Were the heads/block magnafluxed for cracks?

Did you match the head gasket up with both the block and cylinder head to make sure all your water holes lined up? Did the head gasket have a front/back or top/bottom positioning - as some do?

Are the alignment pins in the block installed correctly?

Were the heads ported and someone broke though a water jacket?

Did you run a thread chaser down the bolt holes in the block? Did you look in the holes to make sure no debris has fallen into the hole not allowing the head bolt to tighten? Did you put way too much oil on the bolt threads and it has dripped into the bolt hole causing hydraulic pressure not to allow the bolt to seat all the way down into the hole? - also good way to bust a block when the oil gets hot and expands.

Did you mill the head and NOT compensate on your head bolt length and now they are too long and bottoming out rather than tightening? If so, you may have busted the block. Did you use aftermarket bolts? If so, did you get the correct ones? RA IV bolts have a few longer than stock bolts and will not tighten up (ask me how I know). There are different length bolts used in the Pontiac head, did you install them in the correct holes? Did you torque the bolts in sequence and use three different torque values to evenly seat the heads?

Let's start with all that. :thumbsup:


----------



## BearGFR (Aug 25, 2008)

Prime suspects would be a leaking head gasket, cracked cylinder head, or cracked block - I think. Also MAYBE if you're "lucky" you've got a leak on the water crossover AND a leak on those two intake ports that's letting the water in that way. How bad is the leak and how did you detect it?


----------



## Bobcat 91 (May 10, 2017)

I had all the typical machine work done. New valves and guide's in heads. I found it when it didn't start for break in. I pulled #1 to confirm tdc and the plug was wet with water. Stock bolts,deck height heads not cut. Torqued everything per spec's.


----------



## BearGFR (Aug 25, 2008)

Ick... that doesn't sound good. When you put on the intake, did you tighten down the long bolt that goes to the tab on the timing cover before, or after you torqued down the rest of the intake bolts? (Should have done that one first unless you've split off the coolant crossover).

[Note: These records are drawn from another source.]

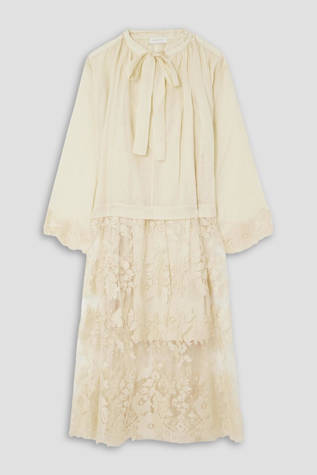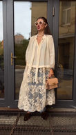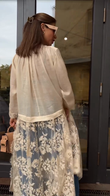Lace - Trimmed Sheer Overlay Shirt Dress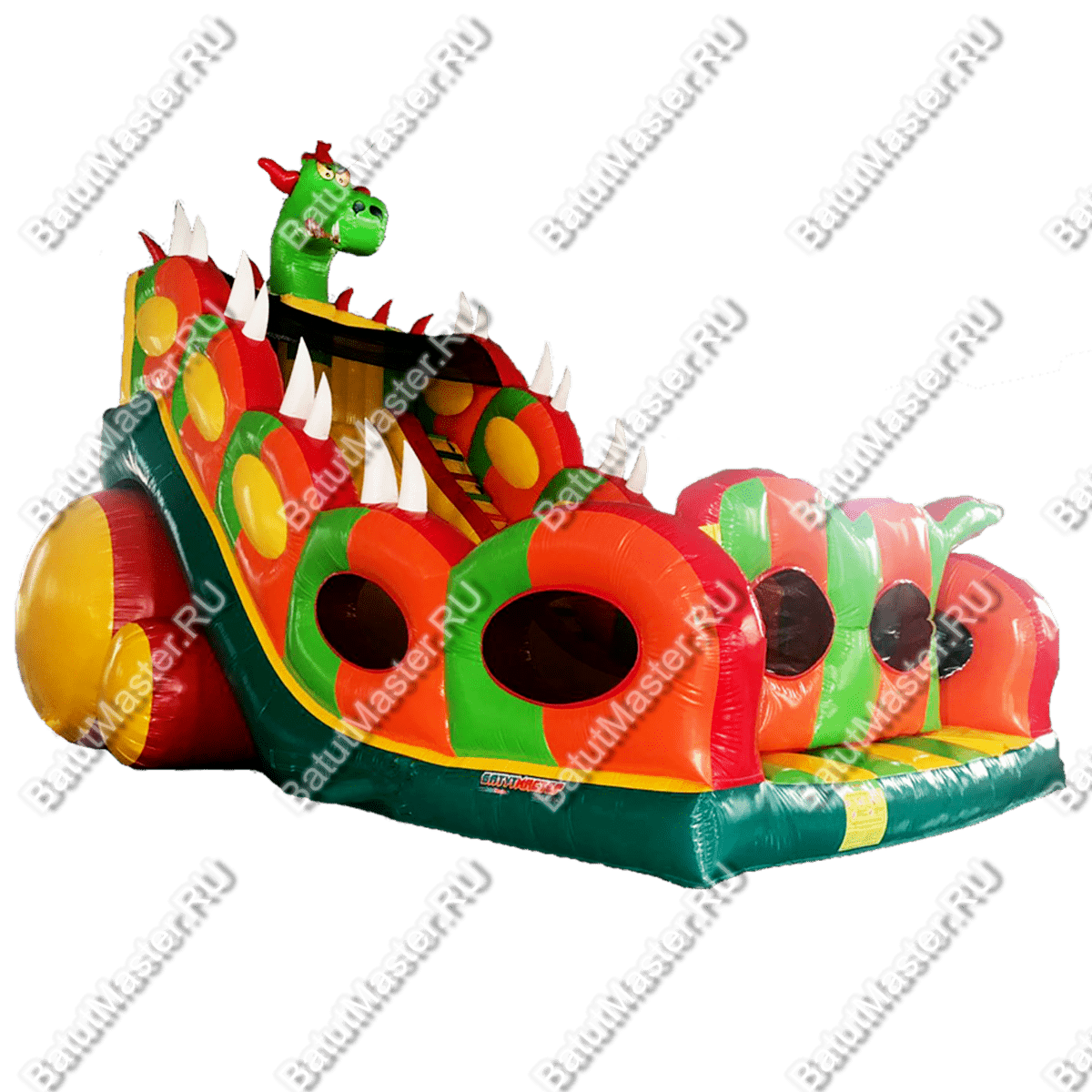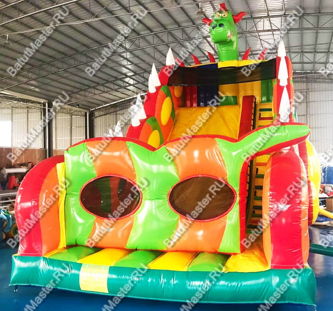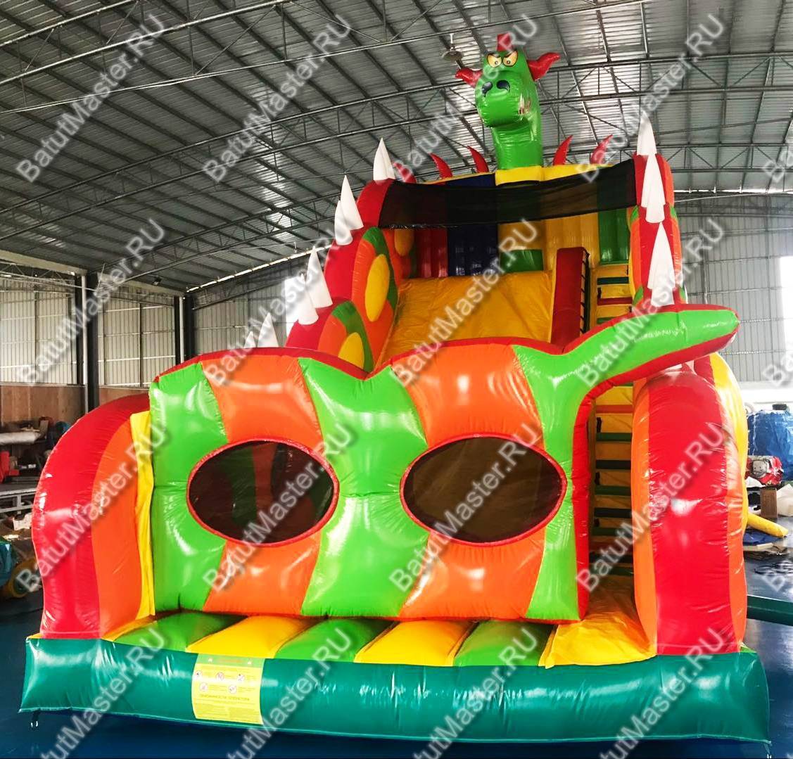 Надувной батут - горка батут представляет собой большую арену для самых веселых игр и прыжков. Вначале комплекса имеется зона для прыжков, где юным непоседам обязательно захочется попрыгать. Прямо по курсу имеется огромный подъем и спуск, сверху которого размещается голова дракона. По бокам высокие борта украшают шипы, что создает полную имитацию этого сказочного животного. Большая горка рассчитана сразу на несколько детей, ведь веселиться всем вместе намного интереснее. Забраться на горку следует по специальным порожкам в виде мягких модулей. Долгий спуск с высокой горки непременно оценят дети. Надувной батут рассчитан для бизнеса. Станет прекрасным дополнением игровой зоны для детей в торгово-развлекательном центре или на открытой детской площадке. Простой и яркий, имеет локации для физического развития детей, а именно выносливости, координации движения и силы. Коммерческий батут выполнен из прочного ламинированного материала, который не боится солнечных лучей и низкой температуры. Простой и неприхотливый в уходе. Имеет высокий уровень безопасности, кроме того, не имеет жестких элементов. По бокам имеются высокие борта, что предотвращает выпадение детей наружу.
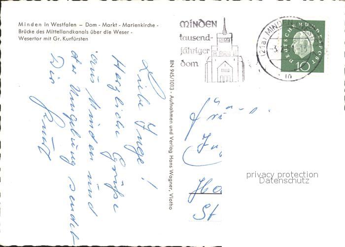 72116607 alte Postkarte Minden Westfalen Dom Markt Marienkirche Bruecke des Mittellandkanals ueber Weser postalisch gelaufen Erhaltung siehe scans KatCode: 11110005770024

A few ideas on figuring it out: Maybe use a piece of plastic tubing in the spark plug hole to try to siphon out coolant to see how much is in there. Examine your oil to see if it's getting coolant in it. Pull the intake and try to figure out if it's getting in through the ports. If you're not concerned with 100% originality, split the coolant crossover away from the rest of the intake so that you can install/remove the intake separate from the crossover. Several advantages to doing that, including being able to line up your manifold with the heads better and also being able to pull the intake without opening up your cooling system. That way you could seal up the cooling system and turn the engine over with the intake removed and may see more of what's happening.

Bear


----------



## BearGFR (Aug 25, 2008)

PontiacJim said:


> RA IV bolts have a few longer than stock bolts and will not tighten up (ask me how I know).

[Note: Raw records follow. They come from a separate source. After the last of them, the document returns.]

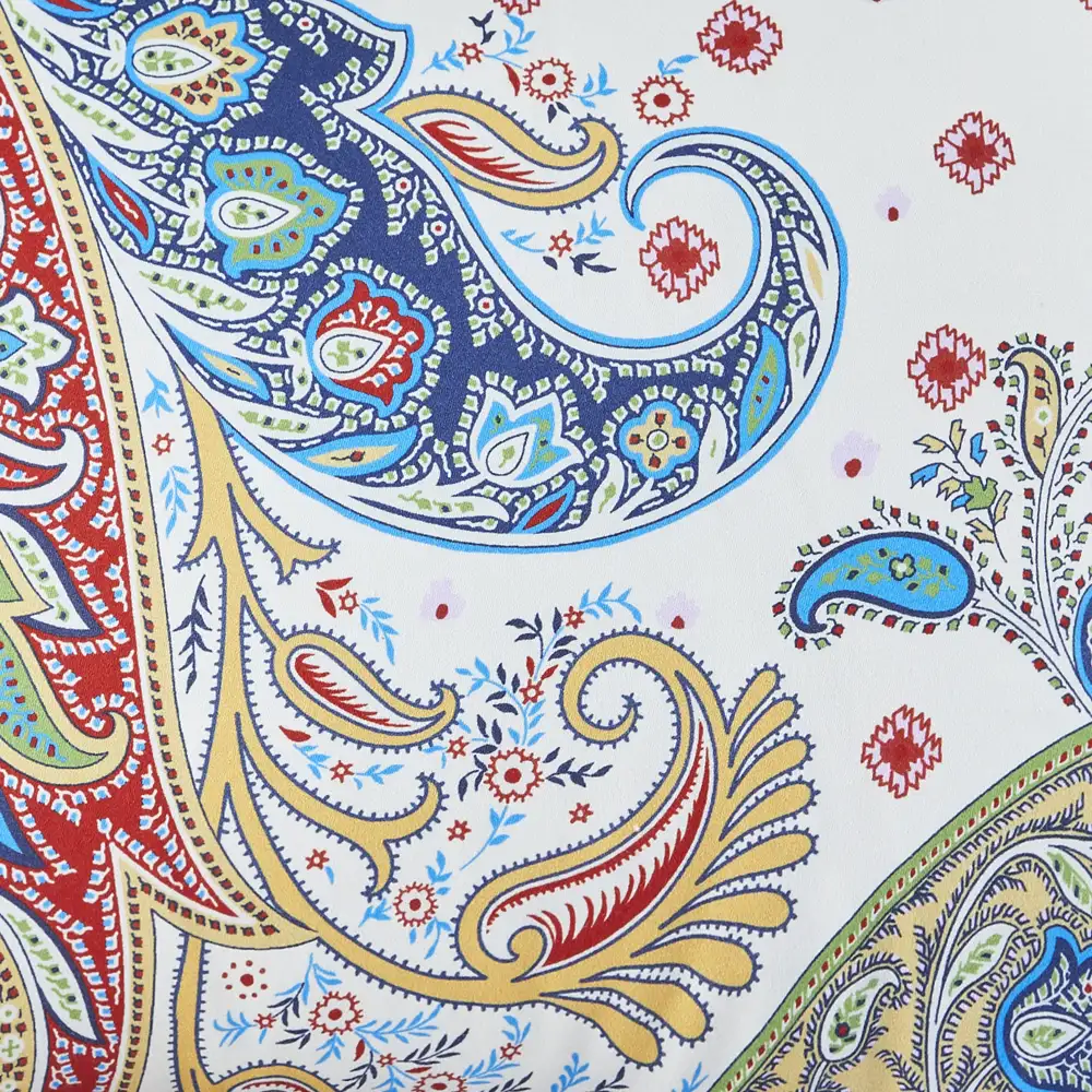 The symbolic paisley pattern, designed with a multicolored hue on an ivory background elevates your interior’s mood and adds a phenomenal style with its various evocative shapes.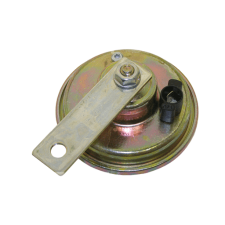 Claxon eléctrico tipo disco, diseñado para maquinaria industrial y vehículos que requieren señal acústica de alta intensidad. Funciona a 12 V, ofrece un sonido grave y un nivel sonoro de 110 dB, frecuencia 335 Hz, conexión pala 6.3 mm.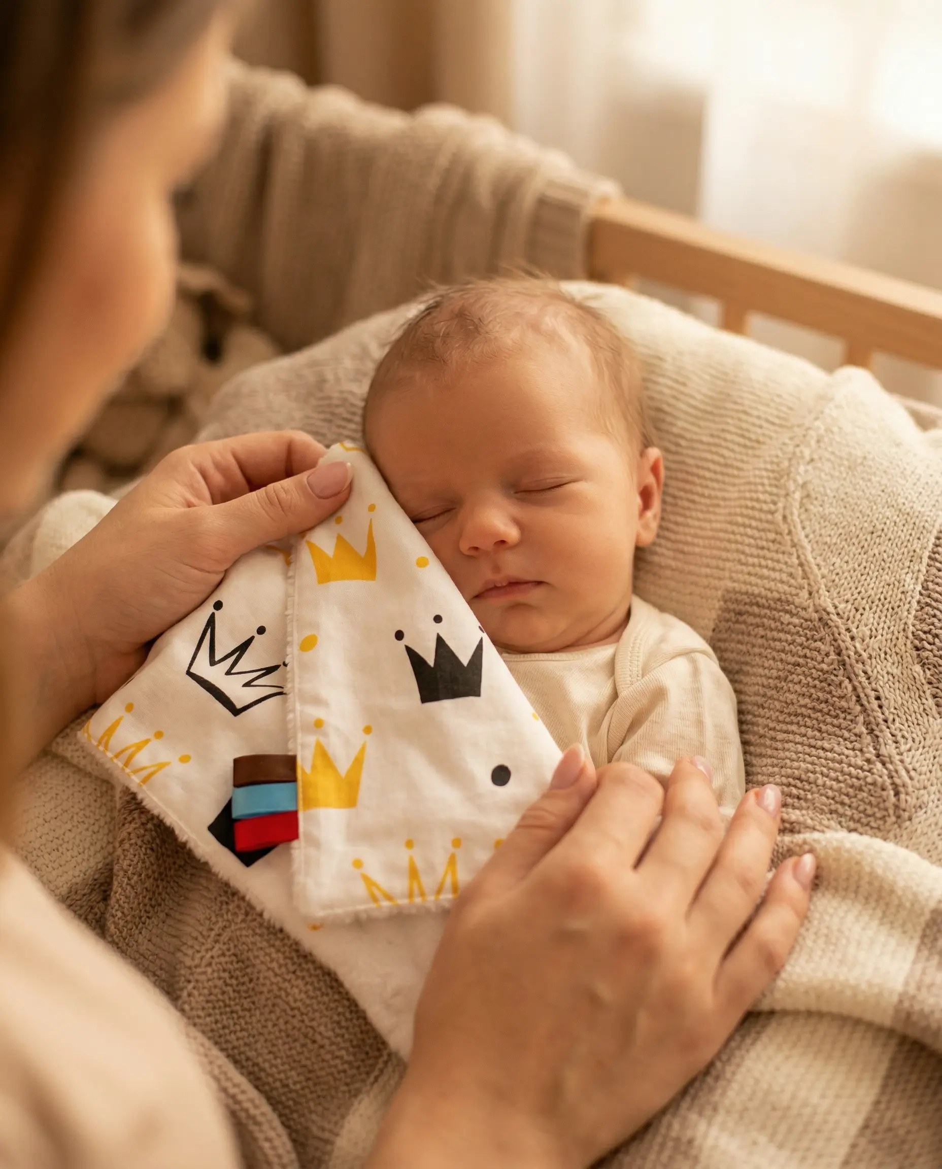 Przytulak sensoryczny z bawełna + futerko to wyjątkowy, miękki towarzysz stworzony z myślą o najmłodszych dzieciach już od pierwszych dni życia. Jest delikatny dla wrażliwej skóry niemowlęcia i bezpieczny w codziennym użytkowaniu. Lekka i przyjemna w dotyku tkanina sprawia, że dziecko chętnie go przytula, co daje poczucie komfortu i bezpieczeństwa.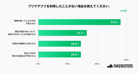 フリマアプリを利用したことがない理由を尋ねたところ、「偽物を買ってしまうのが不安だから」が55.8%で最多となりました(n=52/フリマアプリ未経験で利用意向がある方)。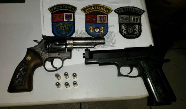 Concomitantemente, outra equipe cumpriu os mandados na Rua InêsSokowoski, Bairro Cophareal, Realeza. No local, foi encontrado um homem e uma menor, a qual disse que havia pernoitado na companhia do detido. Iniciadas as buscas, foram apreendidos junto aos pertences do investigado um revólver calibre 38, marca Rossi, municiado com cinco cartuchos. Também foi encontrado munições calibre .357, marca CBC de uso restrito e mais uma munição calibre .32 encontrada no roupeiro do quarto. Um espingarda de pressão, marca CBC, calibre 6 mm e um invólucro de plástico com substância análoga a cocaína pesando aproximadamente três gramas. O suspeito foi conduzido com a droga e as armas apreendidas para à Delegacia de Polícia Civil.

I know the same thing for the same reason... :crying:

Bear


----------



## PontiacJim (Dec 29, 2012)

BearGFR said:


> I know the same thing for the same reason... :crying:
> 
> Bear


LOL. I wasn't about to buy another ARP bolt set, so another ARP washer was used under the longer head bolts as per the suggestion of the machine shop and off I went - no issues after that.

I don't think the intake is taking in water at the water crossover ONLY due to the mention that both #1 & #3 cylinder had water. If it was only #1 cylinder, I might agree - unless a real major malfunction of the intake gasket installation.


----------



## Bobcat 91 (May 10, 2017)

I took the top end off, saw nothing that jumped out on the intake. Next went the heads driver first, it was the bolt between 1 and 3 that little bugger was just a bit longer than all the rest. I don't think I cracked it, but I think I will have it checked just to be safe. (hopefully I wont be looking for a block)
Thanks for the help


----------



## BearGFR (Aug 25, 2008)

Some of the bolts are supposed to be longer. The way to tell is to drop them into the bolt holes with their washers, but don't tighten them or begin to screw them in. They should all sit at a uniform height above the head (or washer), about an inch. If you've got one in the wrong hole, it should stick out - literally 

Bear


----------



## PontiacJim (Dec 29, 2012)

Stock head bolts don't have washers. It is the aftermarket ARP head bolts that have the washers due to their shoulder design under the head - just to clarify what BearGFR was referencing. You can drop the bolts down through the head while it is off and see the bolt thread "stick out." They should all be the same.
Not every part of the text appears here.